(Items listed in a dataset)
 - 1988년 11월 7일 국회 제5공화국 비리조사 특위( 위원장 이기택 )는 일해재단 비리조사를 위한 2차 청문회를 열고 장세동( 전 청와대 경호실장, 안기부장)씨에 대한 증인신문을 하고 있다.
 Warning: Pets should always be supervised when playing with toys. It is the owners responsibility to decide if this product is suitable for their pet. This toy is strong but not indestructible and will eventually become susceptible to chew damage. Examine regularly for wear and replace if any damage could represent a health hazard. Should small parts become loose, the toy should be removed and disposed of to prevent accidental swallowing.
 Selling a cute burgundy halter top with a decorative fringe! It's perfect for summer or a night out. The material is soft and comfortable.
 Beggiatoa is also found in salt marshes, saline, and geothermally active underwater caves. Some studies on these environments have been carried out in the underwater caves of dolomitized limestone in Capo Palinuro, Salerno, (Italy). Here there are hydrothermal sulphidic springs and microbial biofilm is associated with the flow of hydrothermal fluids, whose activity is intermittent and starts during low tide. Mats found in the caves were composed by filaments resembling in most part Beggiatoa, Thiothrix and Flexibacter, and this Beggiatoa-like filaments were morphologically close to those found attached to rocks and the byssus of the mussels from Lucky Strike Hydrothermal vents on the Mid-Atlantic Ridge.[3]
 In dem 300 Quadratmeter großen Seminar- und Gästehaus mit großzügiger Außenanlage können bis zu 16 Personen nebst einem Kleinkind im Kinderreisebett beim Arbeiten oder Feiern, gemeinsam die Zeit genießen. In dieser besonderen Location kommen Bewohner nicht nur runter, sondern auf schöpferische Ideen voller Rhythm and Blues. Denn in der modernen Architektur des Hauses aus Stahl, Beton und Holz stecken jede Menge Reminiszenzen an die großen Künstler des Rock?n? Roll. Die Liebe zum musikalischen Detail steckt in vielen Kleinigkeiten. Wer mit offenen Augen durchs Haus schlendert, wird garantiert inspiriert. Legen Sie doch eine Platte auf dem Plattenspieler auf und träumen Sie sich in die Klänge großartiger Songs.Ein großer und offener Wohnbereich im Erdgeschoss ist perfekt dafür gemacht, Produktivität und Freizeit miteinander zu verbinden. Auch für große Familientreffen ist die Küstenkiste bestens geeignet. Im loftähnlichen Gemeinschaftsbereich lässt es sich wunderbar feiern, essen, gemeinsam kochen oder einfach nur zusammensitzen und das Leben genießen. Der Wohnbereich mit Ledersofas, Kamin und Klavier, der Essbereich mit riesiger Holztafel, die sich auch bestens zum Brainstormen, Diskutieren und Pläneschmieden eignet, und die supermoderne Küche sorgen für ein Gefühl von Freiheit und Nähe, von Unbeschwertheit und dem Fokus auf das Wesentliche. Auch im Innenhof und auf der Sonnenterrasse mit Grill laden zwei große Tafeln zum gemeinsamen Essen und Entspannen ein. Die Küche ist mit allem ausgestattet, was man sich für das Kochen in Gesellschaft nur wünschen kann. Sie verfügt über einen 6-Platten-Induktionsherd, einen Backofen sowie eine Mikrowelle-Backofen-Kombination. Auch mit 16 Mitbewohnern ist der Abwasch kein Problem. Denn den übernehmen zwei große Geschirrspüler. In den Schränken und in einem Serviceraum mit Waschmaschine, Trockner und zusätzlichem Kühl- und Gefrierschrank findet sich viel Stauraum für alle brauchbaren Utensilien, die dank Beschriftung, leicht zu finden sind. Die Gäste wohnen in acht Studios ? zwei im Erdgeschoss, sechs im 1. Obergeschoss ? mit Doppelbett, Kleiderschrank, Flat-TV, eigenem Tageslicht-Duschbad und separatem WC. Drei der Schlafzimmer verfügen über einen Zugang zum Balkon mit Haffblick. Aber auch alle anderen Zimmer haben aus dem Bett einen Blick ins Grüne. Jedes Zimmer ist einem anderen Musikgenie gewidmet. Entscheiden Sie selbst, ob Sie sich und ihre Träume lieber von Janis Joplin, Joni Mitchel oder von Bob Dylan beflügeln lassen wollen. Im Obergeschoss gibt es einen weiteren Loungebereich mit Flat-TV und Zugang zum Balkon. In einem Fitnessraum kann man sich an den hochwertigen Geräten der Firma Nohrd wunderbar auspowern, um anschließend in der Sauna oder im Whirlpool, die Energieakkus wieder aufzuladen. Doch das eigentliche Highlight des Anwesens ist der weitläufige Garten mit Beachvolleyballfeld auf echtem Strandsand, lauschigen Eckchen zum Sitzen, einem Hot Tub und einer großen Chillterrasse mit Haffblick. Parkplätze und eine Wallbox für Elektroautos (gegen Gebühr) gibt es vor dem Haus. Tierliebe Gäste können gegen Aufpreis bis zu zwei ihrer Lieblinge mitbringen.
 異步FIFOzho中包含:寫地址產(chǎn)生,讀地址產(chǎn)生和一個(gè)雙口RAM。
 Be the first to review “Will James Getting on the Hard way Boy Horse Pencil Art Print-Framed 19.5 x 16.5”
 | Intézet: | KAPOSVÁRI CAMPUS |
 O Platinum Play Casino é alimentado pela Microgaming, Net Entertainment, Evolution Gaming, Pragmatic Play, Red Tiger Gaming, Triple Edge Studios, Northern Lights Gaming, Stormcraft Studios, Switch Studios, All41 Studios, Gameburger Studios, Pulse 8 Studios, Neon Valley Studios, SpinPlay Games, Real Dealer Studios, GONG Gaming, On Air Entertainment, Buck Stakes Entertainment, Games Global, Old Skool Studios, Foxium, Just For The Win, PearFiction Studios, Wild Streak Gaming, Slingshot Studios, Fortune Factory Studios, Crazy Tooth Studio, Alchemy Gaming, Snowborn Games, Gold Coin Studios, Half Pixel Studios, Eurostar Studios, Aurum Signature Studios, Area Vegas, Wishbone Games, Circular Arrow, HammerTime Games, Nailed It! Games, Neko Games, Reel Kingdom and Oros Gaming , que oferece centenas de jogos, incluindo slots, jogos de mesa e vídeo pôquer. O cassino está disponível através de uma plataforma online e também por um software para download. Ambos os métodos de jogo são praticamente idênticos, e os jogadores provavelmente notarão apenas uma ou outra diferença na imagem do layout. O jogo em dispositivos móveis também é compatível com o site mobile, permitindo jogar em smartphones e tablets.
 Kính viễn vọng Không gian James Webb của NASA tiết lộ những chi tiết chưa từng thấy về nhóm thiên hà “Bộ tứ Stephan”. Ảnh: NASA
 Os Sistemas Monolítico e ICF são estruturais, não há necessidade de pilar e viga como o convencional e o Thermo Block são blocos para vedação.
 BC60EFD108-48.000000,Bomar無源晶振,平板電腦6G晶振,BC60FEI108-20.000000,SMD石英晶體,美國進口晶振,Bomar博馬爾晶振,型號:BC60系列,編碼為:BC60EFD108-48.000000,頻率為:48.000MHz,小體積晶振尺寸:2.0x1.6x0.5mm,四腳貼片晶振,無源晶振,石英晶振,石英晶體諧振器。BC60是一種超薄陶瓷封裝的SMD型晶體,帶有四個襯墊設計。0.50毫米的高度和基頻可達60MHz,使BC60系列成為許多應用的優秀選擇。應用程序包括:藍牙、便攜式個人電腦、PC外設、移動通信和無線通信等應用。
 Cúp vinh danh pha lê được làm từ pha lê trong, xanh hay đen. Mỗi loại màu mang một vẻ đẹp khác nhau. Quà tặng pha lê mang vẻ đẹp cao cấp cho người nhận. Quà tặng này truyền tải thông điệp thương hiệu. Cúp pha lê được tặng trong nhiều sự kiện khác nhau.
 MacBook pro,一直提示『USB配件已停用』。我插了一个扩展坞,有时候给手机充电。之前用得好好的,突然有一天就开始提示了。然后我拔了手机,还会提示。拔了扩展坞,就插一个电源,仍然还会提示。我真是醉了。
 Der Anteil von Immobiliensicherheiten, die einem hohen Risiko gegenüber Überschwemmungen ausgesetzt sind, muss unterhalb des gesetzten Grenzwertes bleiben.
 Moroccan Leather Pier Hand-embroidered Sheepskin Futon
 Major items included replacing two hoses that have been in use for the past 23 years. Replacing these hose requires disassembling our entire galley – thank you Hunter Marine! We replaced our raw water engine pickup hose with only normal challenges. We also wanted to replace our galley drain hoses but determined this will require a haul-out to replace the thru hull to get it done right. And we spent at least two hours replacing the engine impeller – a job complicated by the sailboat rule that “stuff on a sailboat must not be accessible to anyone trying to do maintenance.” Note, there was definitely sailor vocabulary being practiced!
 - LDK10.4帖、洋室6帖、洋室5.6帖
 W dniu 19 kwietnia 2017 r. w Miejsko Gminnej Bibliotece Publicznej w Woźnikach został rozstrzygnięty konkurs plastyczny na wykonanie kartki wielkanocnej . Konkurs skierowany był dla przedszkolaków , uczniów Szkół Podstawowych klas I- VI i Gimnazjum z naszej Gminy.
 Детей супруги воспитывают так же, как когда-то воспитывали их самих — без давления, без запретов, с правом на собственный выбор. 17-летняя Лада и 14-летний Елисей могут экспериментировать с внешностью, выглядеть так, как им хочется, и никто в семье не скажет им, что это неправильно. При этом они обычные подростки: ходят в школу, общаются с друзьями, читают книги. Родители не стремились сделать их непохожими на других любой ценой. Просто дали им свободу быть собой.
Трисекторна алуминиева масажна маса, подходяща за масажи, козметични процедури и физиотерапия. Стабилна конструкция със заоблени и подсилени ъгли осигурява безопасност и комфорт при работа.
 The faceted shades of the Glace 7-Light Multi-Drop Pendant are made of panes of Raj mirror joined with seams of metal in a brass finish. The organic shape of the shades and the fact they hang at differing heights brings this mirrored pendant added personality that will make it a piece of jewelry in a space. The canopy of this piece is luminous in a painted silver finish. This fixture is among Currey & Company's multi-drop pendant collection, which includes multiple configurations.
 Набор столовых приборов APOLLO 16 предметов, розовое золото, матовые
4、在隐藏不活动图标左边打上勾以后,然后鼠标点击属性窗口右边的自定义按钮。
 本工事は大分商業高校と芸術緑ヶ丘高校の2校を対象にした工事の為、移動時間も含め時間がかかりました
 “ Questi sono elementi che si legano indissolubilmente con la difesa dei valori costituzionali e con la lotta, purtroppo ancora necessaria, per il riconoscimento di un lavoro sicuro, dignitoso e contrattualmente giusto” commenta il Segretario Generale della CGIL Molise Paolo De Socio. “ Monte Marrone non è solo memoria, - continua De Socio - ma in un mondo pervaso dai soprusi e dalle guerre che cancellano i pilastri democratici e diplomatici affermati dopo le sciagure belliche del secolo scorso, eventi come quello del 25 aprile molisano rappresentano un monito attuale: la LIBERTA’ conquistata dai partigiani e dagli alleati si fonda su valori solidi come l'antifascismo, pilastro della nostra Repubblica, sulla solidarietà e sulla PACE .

__Description of the task__. Would you retype the lines above from the one with "- LDK10.4帖、洋室6帖、洋室5.6帖" down to the one with "W dniu 19 kwietnia", word for word, both ends included and no other lines?

__Written solution__.
 - LDK10.4帖、洋室6帖、洋室5.6帖
 W dniu 19 kwietnia 2017 r. w Miejsko Gminnej Bibliotece Publicznej w Woźnikach został rozstrzygnięty konkurs plastyczny na wykonanie kartki wielkanocnej . Konkurs skierowany był dla przedszkolaków , uczniów Szkół Podstawowych klas I- VI i Gimnazjum z naszej Gminy.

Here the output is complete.